Where the wild things are
Wild Belle’s Natalie and Elliot Bergman on their debut album, their musical past and their bright future
if you happened to be in Colorado in January, you may have seen a bikini-clad Natalie Bergman running through the snow. On tour with Wild Belle, the band she leads with her older brother Elliot, Natalie was bored — so she invented a game. “It was 18 degrees below zero, and we were sitting in the hot tub,” she says. “I decided we each had to race across our friend’s lawn in our bathing suits, shake the snow off of an Aspen tree and run back.” Elliot nods. “Then we tried to see who could stay in the snow the longest making snow angels,” he adds. “Our family is really competitive.”
In moments like these, the Bergmans’ sibling dynamic seems typical — competitive, playful, collaborative — except for one thing: this brothersister duo is on the brink of musical stardom.

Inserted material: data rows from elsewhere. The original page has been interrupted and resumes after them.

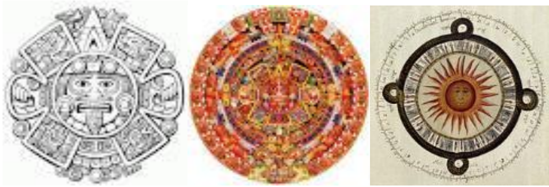
CALENDARIOS AZTECAS Y MAYAS.

Como quiera que en los tiempos de la prehistoria las migraciones marítimas masivas por el mar Atlántico resulten tan hipotéticas que casi puede asegurarse que todas las migraciones indígenas se realizaron del Continente Asiático. Quizá los indios prehistóricos tuvieron sus orígenes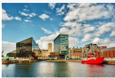
繁榮的港口—利物浦

續往孕育出偉大巨星披頭四樂團的城市—利物浦。位於英國北部的利物浦是英國體育與文化發展的中心地之一，不但是全球知名的利物浦足球俱樂部的所在地、19世紀後期和20世紀初曾是英國最繁榮的港口，海運事業發達，留下珍貴又有歷史價值的建築物。其中最著名的建築：◎碼頭頂Pier Head；以三大建築物著稱◎皇家利物大廈 ( Royal Liver Building ) ◎丘納德大廈 ( Cunard Building ) ◎利物浦港務大廈 ( Port of Liverpool Building ) 統稱為「三女神THREE GRACES」是利物浦的象徵，由一級古蹟舊建築重建，現已成為藝文潮地、人氣聚集之地、明信片最常出現的註冊商標！夜宿利物浦。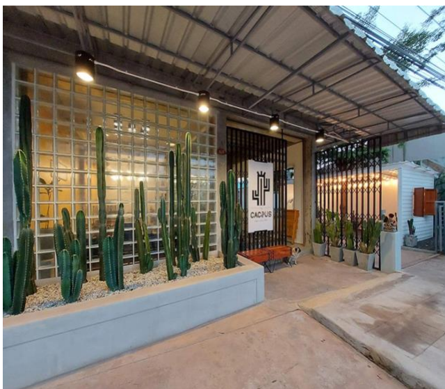
ร้าน Cactus ถนนกลางเมือง เลย์แยกไฟแดง Big C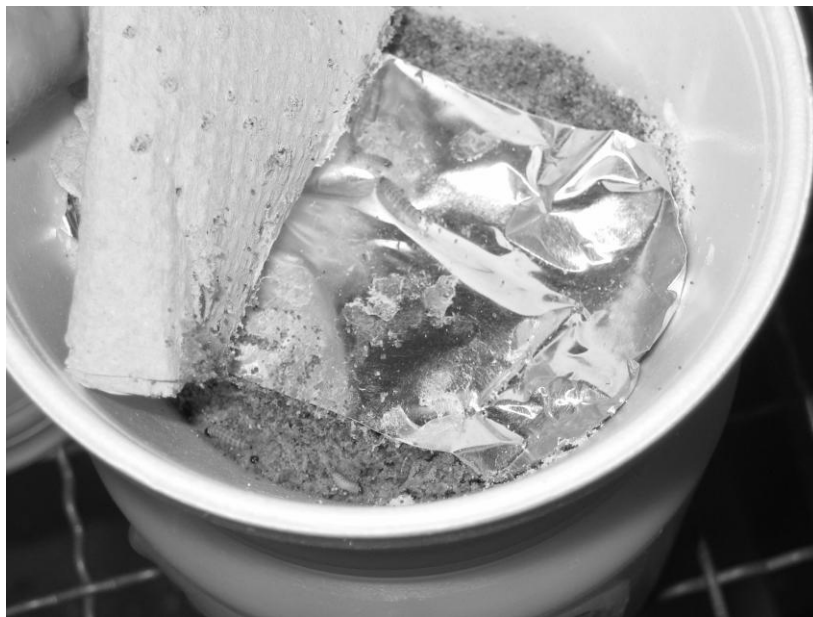
תמונה 4. הזחלים לפני התגלמות במכל הקלקר.

כדי להימנע מלחות עודפת לביצים, מוצמד נייר ההטלה לדופן המכל. הזחלים הראשונים (נאונטים) צונחים למצע המזון ומתפתחים במשך זמן של כ- 10-14 יום לדרגת טרום גולם (חמישית). בדרגה זו הם מחפשים מצע יבש יותר להתגלמות ורובם מחררים את תחתית כלי הקלקר (תמונה 5) וצונחים לתוך מכל נוסף עם פתחי אוורור שמוצמד

On March 12, Natalie, 24, and Elliot, 31, released their debut LP, “Isles,” which they self-produced in a matter of inspiration-fueled months in 2012. Their first single, “Keep You,” went viral last year before they even found a distributor for the album, landing them a three-record deal with Columbia Records. Soon after, they were performing on “Conan,” signing on for music festivals like Coachella and Sasquatch, playing at parties for fashion labels and gracing the pages of Vogue and T, the New York Times’ style magazine. But even awash in accolades, the Bergmans refuse to buy into their own hype. “Our brains don’t operate that way,” says Natalie. “We’re psyched that people are starting to recognize us, but to us, success is just continuing to be able to write and record music.”

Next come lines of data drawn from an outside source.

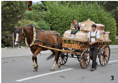
Abb. 3 Alpabfahrt im Jahr 2009 in Appenzell (AI). Der so genannten Lediwagen ist vollbeladen mit blendend weiss geschrupptem hölzernem Milchgeschirr, einem Butterfass und einem kupfernen Käsekessel – dem einzigen Gegenstand aus Metall.

Descensiun da l'alp l'onn 2009 ad Appenzell (AI). L'uschenumnà «Lediwagen» è chargià cun vaschs da latg da lain barschunads resch alv, ina panaglia ed ina chaldera d'arom – il sulet object da metal.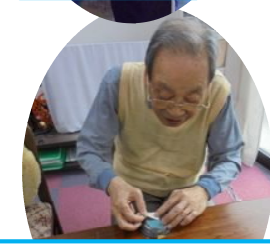
オリジナル紙皿作り。「こんな感じかな？」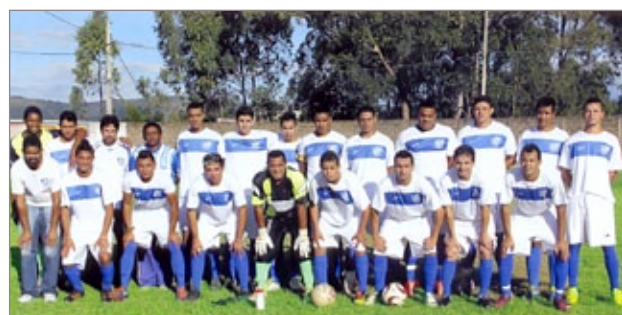
Time do Cruzeiro do Sul

A grande final foi realizada no dia 22 de maio, no campo do Cruzeiro do Sul. Em jogo apertado, o Santa Luzia e Cruzeiro de Sul empataram por 2x2 no tempo normal. Na decisão nos pênaltis, o Cruzeiro de Sul conquistou vitória por 4x1.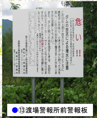
● ⑬ 渡場警報所前警報板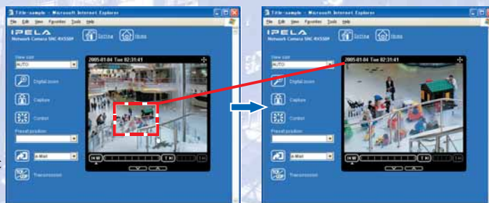
Interface utilisateur intuitive

La série SNC-RX possède une interface utilisateur conviviale accessible via un PC équipé du logiciel de navigation Microsoft® Internet Explorer®. Grâce à ses menus déroulants et à ses icônes, les réglages sont très faciles à réaliser. En pointant et en cliquant directement sur une partie de l'image affichée, la caméra ajuste son niveau de zoom et s'incline pour se centrer sur le point sélectionné. Vous pouvez aussi recentrer et agrandir une zone sélectionnée en maintenant le bouton gauche de la souris appuyé et en faisant glisser celle-ci en diagonale.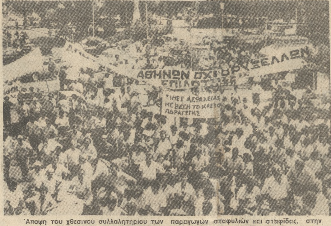
Άποψη του χθεανού συλλαλητηρίου των παραγωγών σταφυλιών και σταφίδας, στην πλατεία Ελευθερίας.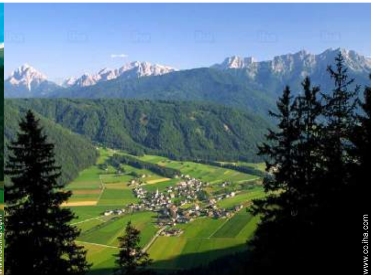
vista sobre el pueblo

They’ve done just that for as long as they can remember. According to Natalie, forming Wild Belle was nothing short of their destiny. “That’s why we’re here on this Earth,” she says. “To learn music, to create music, to share music.” The pair and their siblings, fashion designer Elise and poet Bennet, were born to a painter and an artistic entrepreneur in Barrington, Ill., both of whom encouraged independence, freethinking and careers in the arts. The Bergmans often held family sing-alongs, where, says Natalie, “we’d all flock to different instruments. My dad would play guitar, sometimes Elliot would play clarinet, and some of us would just use our voices.